Bei der ersten Kontrolle 0 gewesen, sechs Wochen später 1,7. Eigentlich ja guter Wert – oder ist der jetzt pathologisch zu bewerten? Schilddrüse soll ja komplett heraus sein, wie kann der denn dann steigen?

Bin im Moment mit der Gesamtsituation nicht so richtig zufrieden leider und würde mich über Input freuen.

Herzliche Urlaubsgrüße trotzdem an alle!

Slart

 

Antwort auf: SD-Entfernung nach med. Karzinom – viele Fragen

| Beitrags-ID: 460518

Hallo Slart,

ich weiß nicht ob deine Beschwerden weggehen wenn du deine richtige Dosis gefunden hast, bzw. auf Abendeinnahme umstellst. Ich würde aber erst einmal noch alles so lassen damit die nächsten Werte vergleichbar sind.

Ich habe die Morgeneinnahme vom L-Thyroxin nicht vertragen und gemerkt, wenn der Wirkstoff vom Darm ins Blut übergeht (anfluten). Auch vertrage ich die Morgeneinnahme meines Blutducksenkers nicht.

LG Ellen

1 Nutzer*in hat sich für diesen Beitrag bedankt.

Antwort auf: SD-Entfernung nach med. Karzinom – viele Fragen

| Beitrags-ID: 460597

Liebe Ellen,

danke für Deine Tipps. Möchte auch tatsächlich an der Einnahmesituation zunächst nix rumspielen, sondern diese so optimal wie möglich halten, um erstmal eine stabile Stoffwechsellage zu bekommen. (Was aber auch nicht gerade einfach ist, wenn man verschiedene Informationen erst so nach und nach erfährt… Z.B. dass man Pantoprazol in größerem zeitlichen Abstand zum LT nehmen muss oder vor der Blutentnahme kein LT nehmen soll – wär ja alles einfach, wenn man‘s gewusst hätte 😵‍💫)

Mich wundert halt auch, dass sich hoher und niedriger TSH völlig gleich anfühlen, und beides nicht gut. Nix mit (individuellem) Wohlfühlwert bisher, obwohl der doch irgendwie schonmal hätte dabei sein müssen. Wie fühlt sich das Anfluten an, und wie lange nach der Einnahme findet das statt?

Falls jmd. noch Ideen zu meinen anderen Punkten hat, würde ich mich freuen 😊

Sonnige Grüße von Slart

Antwort auf: SD-Entfernung nach med.

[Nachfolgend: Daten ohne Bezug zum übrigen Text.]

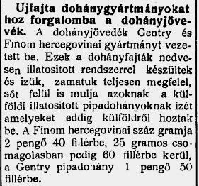 Az 1925-ben bevezetett Gentry dohány 1933 nyarától nedvesen illatosított változatban is kapható lett. Csomagolásaik között csupán annyi különbség volt, hogy a sima változaté arany nyomással, míg az illatosítotté sárgával készült. Hogy az aromákat jobban megőrizze a doboz, még zsírpapírral is be volt burkolva.

Karzinom – viele Fragen

| Beitrags-ID: 460598

Hallo Slart,

ich weiß gar nicht mehr genau welche Symptome ich durch das Anfluten hatte da es sehr lange ist.

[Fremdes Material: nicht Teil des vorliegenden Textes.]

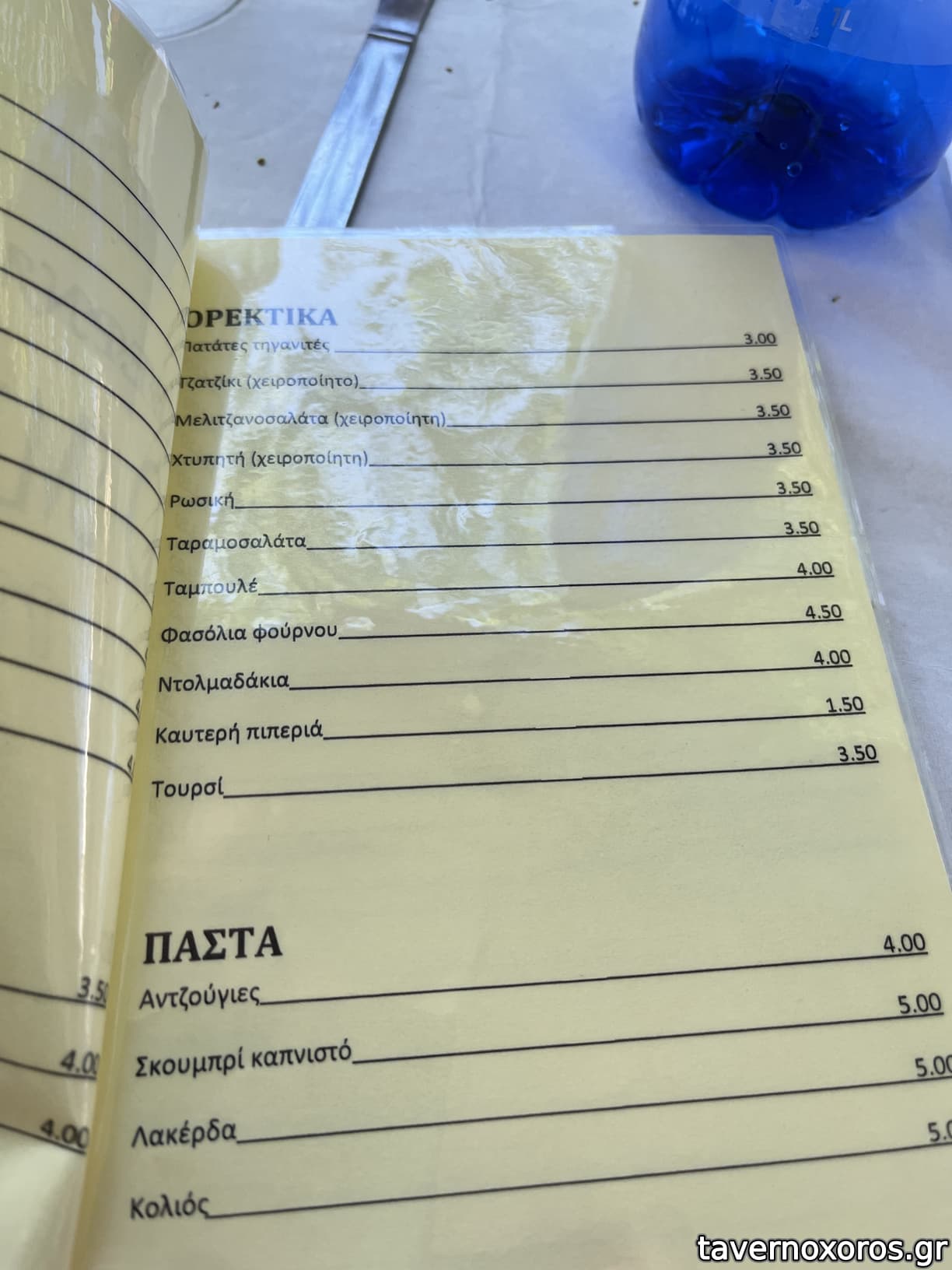 Μαζί με 2 μπύρες, 1 νερό και ένα καραφάκι κρασί, σύνολο 20 ευρώ το άτομο.

Ich hatte mir damals eine Liste gemacht, die ich momentan nicht finde. Ich weiß nur noch das ich u. a. Panik und hohen BD und Puls bekam. Ohne das morgendliche LT war der BD beim Arzt niedriger.

Ich nahm meine Dosis gegen 6 Uhr und das Anfluten fing gegen 7:30 Uhr an und hörte gegen 10 Uhr auf.

Dein TSH hat ja durch die unterschiedlichen Dosierungen geschwankt, außerdem ist bis jetzt nur eine kurze Zeit vergangen. Bei mir hat er bei meiner Hausärztin trotz gleicher Dosierung geschwankt (zwischen 0,4 und 2,…) und mir ging es immer bestens. Bei dem Labor meines ehemaligen SD-Arztes sieht es anders aus, da schwankt er nicht so.

LG Ellen

 

  • Diese Antwort wurde geändert vor 1 Woche, 6 Tage von Ellen1.